1884 book by Frederic Growse

Bulandshahr: Or, Sketches of an Indian District: Social, Historical and Architectural is an 1884 book written by Frederic Growse, a district magistrate and collector for the Indian Civil Service, about the district of Bulandshahr in the North-Western Provinces during the British rule in India. It was published by Medical Hall Press, Benares, and includes a description of Bulandshahr, an account of its history from antiquity to the 1857 rebellion, and of how the town was rebuilt under the supervision of Growse himself in the late 19th century.

The account of the town built by local artisans brought Growse into dispute with the Public Works Department (PWD), who attempted to prevent the construction of his buildings. The British government in India's interpretation of the book was that it praised Indian architecture excessively and endorsed Indian autonomy. Growse was subsequently transferred from Bulandshahr and further publications banned.
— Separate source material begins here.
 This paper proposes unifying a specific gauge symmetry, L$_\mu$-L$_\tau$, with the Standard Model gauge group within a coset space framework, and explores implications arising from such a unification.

Later appraisals of his work note it as unique in architectural literature.

==Publication==
Bulandshahr: Or, Sketches of an Indian District: Social, Historical and Architectural is a book about the district of Bulandshahr in India, and authored by British district magistrate and collector for the Indian Civil Service, Frederic Growse. It was published by Medical Hall Press of Benares in 1884 at a price of five rupees. Parts of it had been previously published in the Calcutta Review and in the Journal of the Asiatic Society of Bengal. The publication was followed by Growse's work titled Indian architecture of today as exemplified in new buildings in the Bulandshahr District (1885), in which he included press reviews of his 1884 book.

==Content==
The book has 90 pages beginning with a preface by Growse dated 12 July 1884. The epigraph on the title page recites Seeley in capital letters: "Our western civilization is perhaps not absolutely the glorious thing we like to imagine it." (Note: From The Expansion of England by Seeley (1883).) On the following page, also in all capital letters is a quote from Lord Beaconsfield: "The local sentiment in man is the strongest passion in his nature, it is the parent of most of our virtues." (Note: Speech at Salthill, 1864)
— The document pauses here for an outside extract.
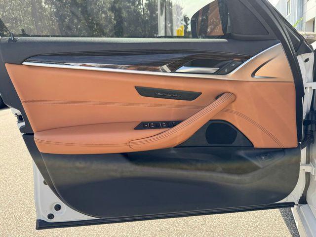 Alpine White 2022 BMW 5 Series 540i RWD 8-Speed Automatic Sport 3.0L I6 Turbocharged DOHC 24V LEV3-ULEV70 Clean CARFAX. Cognac Artificial Leather, Aerodynamic Kit, Extended Shadowline Trim, M Shadowline Lights, M Sport Brakes w/Red Calipers, M Sport Package, M Sport Pkg, M Sport Suspension, M Steering Wheel, Shadowline Exterior Trim, Shadowline Package, Variable Sport Steering, Wheels: 19"" x 8"" M Y-Spoke Bi-Color Jet Black, Without Lines Designation Outside, 12 Speakers, 4-Wheel Disc Brakes, ABS brakes, Air Conditioning, Alloy wheels, AM/FM radio: SiriusXM with 360L, Apple CarPlay & Android Auto Compatibility, Auto High-beam Headlights, Auto tilt-away steering wheel, Auto-dimming door mirrors, Auto-dimming Rear-View mirror, Automatic temperature control, BMW Assist eCall, BMW TeleServices, Brake assist, Bumpers: body-color, Connected Package Pro, ConnectedDrive Services, Delay-off headlights, Driver door bin, Driver vanity mirror, Dual front impact airbags, Dual front side impact airbags, Electronic Stability Control, Emergency communication system: BMW Assist eCall, Enhanced Bluetooth, Exterior Parking Camera Rear, Four wheel independent suspension, Front anti-roll bar, Front Bucket Seats, Front Center Armrest, Front dual zone A/C, Front reading lights, Fully automatic headlights, Garage door transmitter, Genuine wood console insert, Genuine wood dashboard insert, Genuine wood door panel insert, Heated door mirrors, Heated Front Seats, Hi-Fi Sound System, Illuminated entry, Leather Shift Knob, Leather steering wheel, Live Cockpit Pro w/Navi, Low tire pressure warning, Lumbar Support, Memory seat, Navigation System, Occupant sensing airbag, Outside temperature display, Overhead airbag, Panic alarm, Passenger door bin, Passenger vanity mirror, Perforated Sensatec Upholstery, Power door mirrors, Power driver seat, Power Front Seats, Power moonroof, Power passenger seat, Power steering, Power Tailgate, Power windows, Radio data system, Radio: AM/FM Audio System, Rain sensing wipers, Rear anti-roll bar, Rear reading lights, Rear seat center armrest, Rear window defroster, Remote keyless entry, Security system, SiriusXM w/360L, Speed control, Speed-sensing steering, Speed-Sensitive Wipers, Split folding rear seat, Sport Seats, Sport steering wheel, Steering wheel memory, Steering wheel mounted audio controls, Tachometer, Telescoping steering wheel, Tilt steering wheel, Traction control, Trip computer, Turn signal indicator mirrors, Variably intermittent wipers, Cognac Artificial Leather, Aerodynamic Kit, Extended Shadowline Trim, M Shadowline Lights, M Sport Brakes w/Red Calipers, M Sport Package, M Sport Pkg, M Sport Suspension, M Steering Wheel, Shadowline Exterior Trim, Shadowline Package, Variable Sport Steering, Wheels: 19"" x 8"" M Y-Spoke Bi-Color Jet Black, Without Lines Designation Outside.Recent Arrival! 25/32 City/Highway MPGJaguar Land Rover Cape Fear in Wilmington, NC treats the needs of each individual customer with paramount concern. We know that you have high expectations, and as a car dealer we enjoy the challenge of meeting and exceeding those standards each and every time. Allow us to demonstrate our commitment to excellence! Our experienced sales staff is eager to share its knowledge and enthusiasm with you. We encourage you to browse our online inventory, schedule a test drive and investigate financing options. You can also request more information about a vehicle using our online form or by calling 855-822-5199. We look forward to serving you!

Following a contents page and a page listing the eight illustrations in the book, there are three main parts; a description of Bulandshahr district titled "Bulandshahr, the district its characteristics and its capabilities", an account of its history from antiquity to the 1857 rebellion titled "History of the town of Bulandshahr District from its foundation to the mutiny of 1857 A. D.", and of how the town of Bulandshahr was rebuilt under the supervision of Growse himself titled "The rebuilding of Bulandshahr".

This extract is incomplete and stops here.